● **TASK**:
Copy word for word, please, the lines of the entries below running from the one containing "Gancio no-touch realizzato" to the one containing "Meet your new", both ends included.

● **DATASET CONTENT**:
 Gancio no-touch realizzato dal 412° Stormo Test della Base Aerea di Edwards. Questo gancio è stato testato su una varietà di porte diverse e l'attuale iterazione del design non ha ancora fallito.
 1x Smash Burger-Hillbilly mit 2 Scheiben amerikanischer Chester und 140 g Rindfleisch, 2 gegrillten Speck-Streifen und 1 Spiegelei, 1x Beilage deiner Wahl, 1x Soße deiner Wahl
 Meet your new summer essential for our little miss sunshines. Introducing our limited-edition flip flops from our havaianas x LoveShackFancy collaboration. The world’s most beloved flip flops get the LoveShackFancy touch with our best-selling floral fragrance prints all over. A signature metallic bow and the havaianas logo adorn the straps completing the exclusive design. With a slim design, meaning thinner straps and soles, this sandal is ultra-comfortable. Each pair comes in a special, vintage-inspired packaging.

...

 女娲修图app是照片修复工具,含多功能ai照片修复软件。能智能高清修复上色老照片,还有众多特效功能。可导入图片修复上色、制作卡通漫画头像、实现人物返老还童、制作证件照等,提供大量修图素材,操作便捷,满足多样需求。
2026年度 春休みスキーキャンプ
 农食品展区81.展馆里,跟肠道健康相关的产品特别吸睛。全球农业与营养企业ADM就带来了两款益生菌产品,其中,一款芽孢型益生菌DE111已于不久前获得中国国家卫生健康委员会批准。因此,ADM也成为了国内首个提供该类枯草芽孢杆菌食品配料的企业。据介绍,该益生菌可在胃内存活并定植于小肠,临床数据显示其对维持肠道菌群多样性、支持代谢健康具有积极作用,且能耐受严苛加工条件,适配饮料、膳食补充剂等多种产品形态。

● **EXERCISE RESULT**:
 Gancio no-touch realizzato dal 412° Stormo Test della Base Aerea di Edwards. Questo gancio è stato testato su una varietà di porte diverse e l'attuale iterazione del design non ha ancora fallito.
 1x Smash Burger-Hillbilly mit 2 Scheiben amerikanischer Chester und 140 g Rindfleisch, 2 gegrillten Speck-Streifen und 1 Spiegelei, 1x Beilage deiner Wahl, 1x Soße deiner Wahl
 Meet your new summer essential for our little miss sunshines. Introducing our limited-edition flip flops from our havaianas x LoveShackFancy collaboration. The world’s most beloved flip flops get the LoveShackFancy touch with our best-selling floral fragrance prints all over. A signature metallic bow and the havaianas logo adorn the straps completing the exclusive design. With a slim design, meaning thinner straps and soles, this sandal is ultra-comfortable. Each pair comes in a special, vintage-inspired packaging.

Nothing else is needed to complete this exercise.